# Data Wrangling
---
## Data Acquisition and Data Preparation

__Learning Objectives__:
1. Learn efficient and effective workflow for data acquisition
>- Understand why `.py` files and jupyter notebooks are used together in practice.
>- How to use `.py` files in data acquisition
>- Best practices when going through the data science workflow.
1. Practice querying a database using `SQL` and `Pandas`
1. Learn what to look for in your data during data acquisition/preparation.
1. Practice cleaning data to use for EDA and Data Modeling
1. Apply and reinforce concepts using these datasets:
- `mall_customers`
- `employees`
- `sakila`
- `world`

### Data Acquisition Prerequisites
---
These datasets are in a SQL database. To access them, I'll need a few things.


<div class="alert alert-block alert-danger">Attention Practitioner! "Check for your keys, phone, and wallet BEFORE you leave the house! Before you start acquiring data, know EXACTLY what you need from a database/dataset: Database name, database table, columns, filters for subsets of data, etc. If you don't, you'll waste time. Be effective the FIRST time, planning goes a long way."</div>

__Tools__:
1. jupyter notebook
1. SQL GUI
1. SQL Programming Language
1. Python Programming Language
1. Pandas Library

__Data Acquisition Setup__:
1. SQL database access credentials.
1. The name of the database.
1. The name of the table inside the database.
1. The data I need from that table(s).
1. The SQL query to retrieve that data.
1. The code to load the data in our local environment.
1. How to save data from a database in a local environment.
1. How to load the data from our local environment.

> Some steps will take longer/short than others, but practice them all.
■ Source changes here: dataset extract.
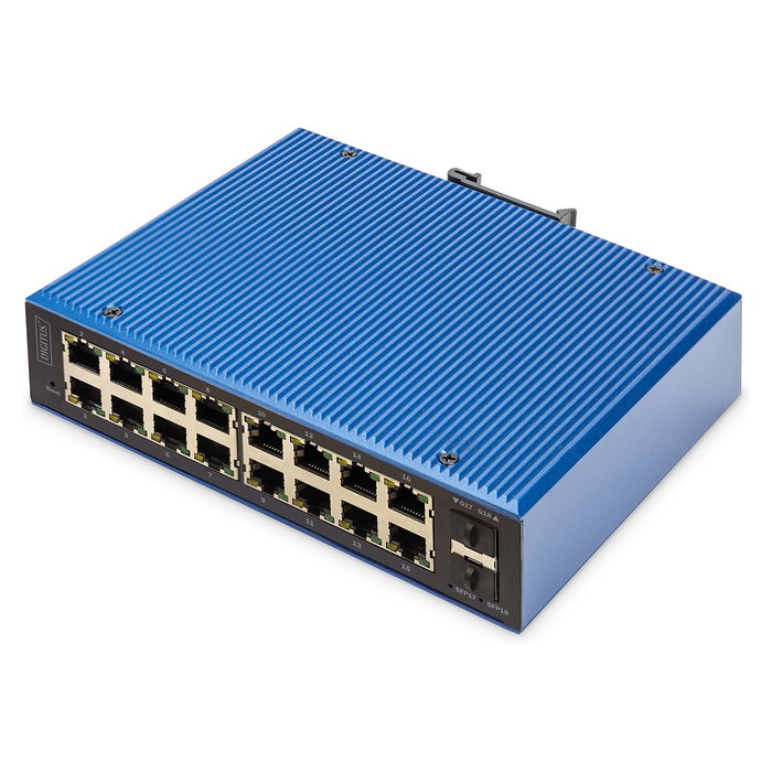 Digitus 16+2P Industrial Gigabit Ethernet Switch L2 Managed - 16 Puertos RJ-45 Gigabit + 2 SFP, Conmutador Gestionado para Montaje DIN, IP40

### Data Preparation Prerequisites
---
These datasets are in a SQL database. To access them, I'll need a few things.


<div class="alert alert-block alert-danger">Attention Practitioner! Before you start preparing your data, know EXACTLY what actions you need to take: shaping data, removing nulls, filling missing values, casting datatypes, encoded variables, formatting row/column/value names, etc. If you don't, you'll waste time. Again, be effective the FIRST time, planning goes a long way."</div>

__Tools__:
1. jupyter notebook
1. Python Programming
1. Pandas Library

__Data Preparation Setup__:
1. Use pandas data manipulation functions to take a _"first read through"_ of your data.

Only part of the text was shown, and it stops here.